MDC scoffs at police search for terrorist training bases in SA
By Tichaona Sibanda
18 May 2007
18 MDC activists facing allegations of petrol bombings have been denied bail again because the state has sent police officers to South Africa to search and locate their alleged training bases.
The MDC has however scoffed at the searches saying it is a plot by the government aimed at demonising the party. The first MDC activist to be falsely charged under the terrorism Act in 2001 said government is using the same tactics against those detained, to destabilise party structures.
Solomon Chikohwero, who was arrested and charged with bombing MDC offices near the Fife Avenue shopping complex, said intelligence services went to great lengths to fabricate evidence against him.
‘I see a lot of similarities between my case and that of Ian Makone, Paul Madzore and other activists. A police officer based at Morris depot bombed our party offices and blamed it all on me. The policeman even said he got the explosives from me,’ Chikohwero said.
For the next few months Chikohwero was severely tortured in detention and was accused of recruiting serving soldiers to join an MDC terror group. A news clip featuring soldiers confessing to being recruited by Chikohwero was used as part of evidence against him.
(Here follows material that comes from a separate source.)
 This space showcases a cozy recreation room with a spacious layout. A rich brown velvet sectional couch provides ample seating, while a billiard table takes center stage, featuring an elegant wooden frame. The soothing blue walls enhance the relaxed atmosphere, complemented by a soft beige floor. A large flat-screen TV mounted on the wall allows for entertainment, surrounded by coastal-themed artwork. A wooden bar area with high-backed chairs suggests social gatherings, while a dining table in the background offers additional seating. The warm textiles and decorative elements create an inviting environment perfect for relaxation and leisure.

‘The government has the resources to build a fictitious crime against you. They will also interrogate you to a point where you tell them things you did not do, believe you me, you tell them anything just to escape the beatings. But these are all diversionary tactics from problems affecting the country,’ he said.
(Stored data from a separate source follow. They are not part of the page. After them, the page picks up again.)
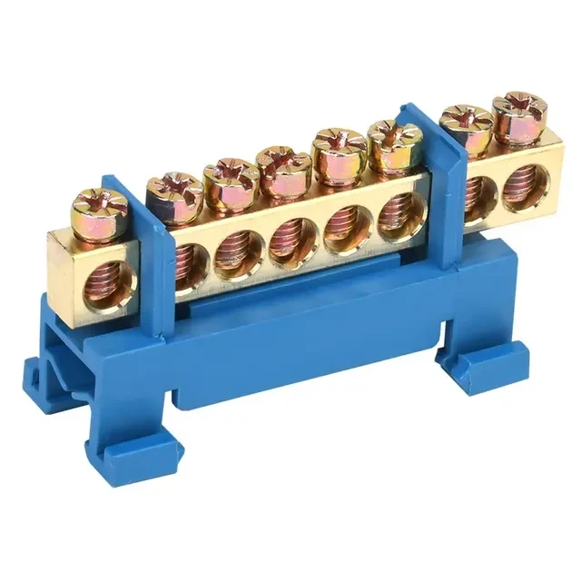 Нулевая шина REXANT предназначена для электрического и механического соединения нулевых, защитных и фазных проводников. Материал изготовления – высококачественная латунь, что гарантирует надежное электрическое соединение и высокую стойкость к коррозии. Шина установлена на синий изолятор, выполненный из пластика. Среднее значение относительной влажности при эксплуатации не должно превышать более 90%.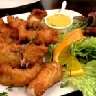 Hier servierte man vier recht teiglastige, kompakte kleine Klumpen, ebenfalls mit dem lieblichen Curry-Mango Dip, den man zum Fisch gesellte.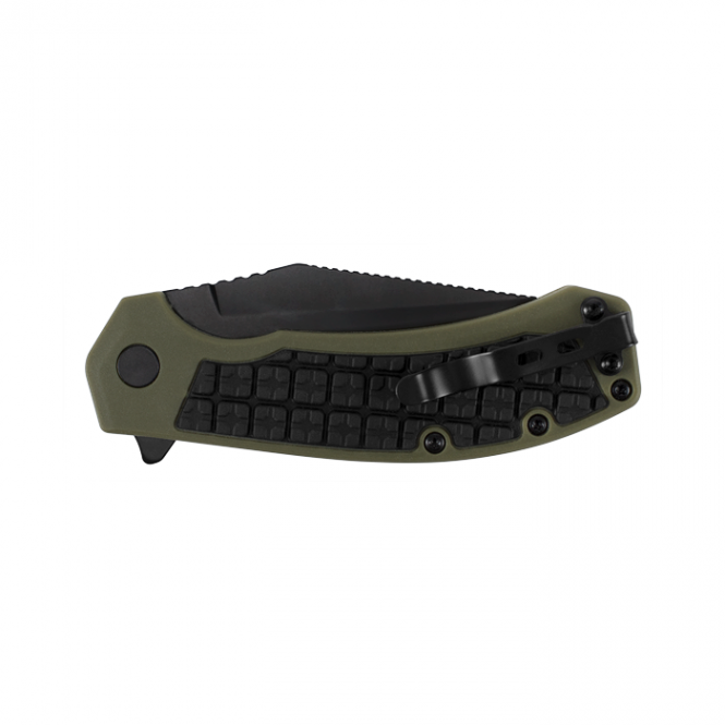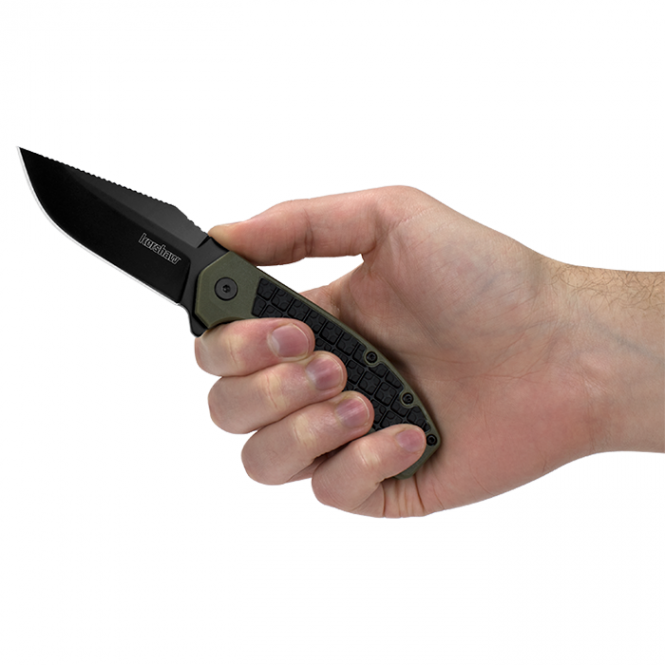 Kershaw Faultline - maz, ērts un praktisks nazis. Spēcīgs un plats asmens, kas izgatavots no 8Cr13MoV tērauda - izturīgs pret koroziju, labi noturē asumu un viegli asināms. Pārklāts ar melnu pretkorozijas pārklājumu. Ērts rokturis no videi nekaitīga GFN polimēra, neslīdošs. Izmanto KVT sistēmu.

Chikohwero said government was using the same methods against his incarcerated colleagues in Harare. The police said on Thursday it had dispatched 16 police officers to South Africa to search and locate places where opposition party youths were allegedly trained to carry out terrorist activities.
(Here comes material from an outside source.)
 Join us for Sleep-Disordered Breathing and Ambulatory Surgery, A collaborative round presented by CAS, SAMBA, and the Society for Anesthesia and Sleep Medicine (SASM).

Two officials from the Attorney General’s office told High Court Judge Yunus Omerjee during a bail hearing for the 18 MDC activists that the state could not proceed with the case as its officers were still in South Africa investigating. The state is accusing the activists of receiving terrorist training in South Africa and blamed them for a spate of petrol bomb attacks on state institutions in March. The activists have been in remand prison ever since, and deny all the charges.